The pattern is McCall's 6460 a fitted dress with sweetheart neckline effect . I opted for version D which has three-quarter sleeves but I also added the floating hem band of version C.
The main fabric is a flocked chiffon in a tone on tone pile leopard print design. I worried that the chiffon would not hold up to the shoulder/arm structure of the dress or hold the weight of the dress body (that is backed with a white stretch twill). I underlined the upper yoke in a netting for stability and backed the sleeves (as well as the hem band) in organza. This also helped to use up scrap fabrics!
|Inner garment view|
Bonus by lining my sleeve in the organza I was able to omit the narrow hem at the cuff and encased all the seam allowances between the layers.
I love hem bands and this version was no exception. I do not have the slightest clue if this hen band technique has a proper name but I like to refer to it as a floating hem band because it just hangs from the cut edge of the turned back hem.

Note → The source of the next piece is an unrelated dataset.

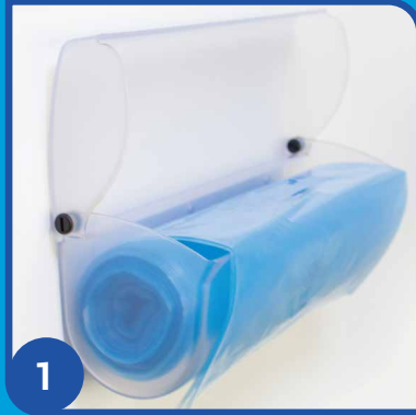
1 Put roll of Liners in Receptacle feeding from the top
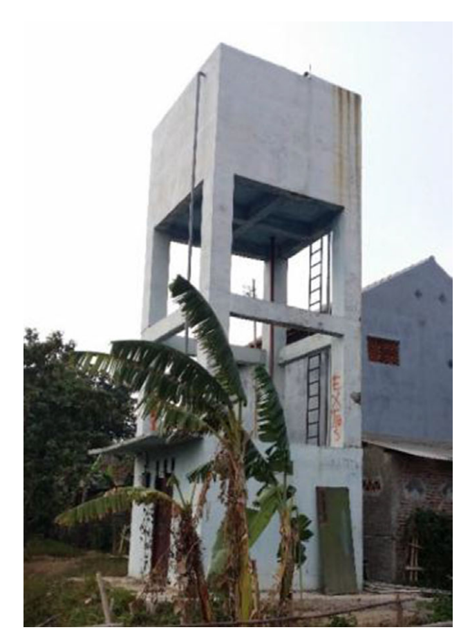
Figure 1. Water tank in Pasirsari, Cikarang.

riverbank in the Cikarang area. The CBWS systems worked by pumping groundwater 80-100 m below the surface, from a cross border aquifer, the Karawang–Bekasi aquifer, which is managed by the Energy and Mineral Resources Agency (EMRA) of the West Java provincial government. The water was collected in a 32 m<sup>3</sup> water tank tower (Figure 1) and distributed by gravity without treatment to homes via a pipe distribution system.

First the hem band is attached to the hemline right sides together.
Next serge/overlock the edge and turn the hem to the underside.
There will be a one inch over hang of the hem. Above you can see the hem from the right side and below you can see the hem from the inside of the garment.
Finally the hem has to be stitched. I hand stitch my hem but you could machine blind hem. In the end this is not a short cut hem but I like the fun effect.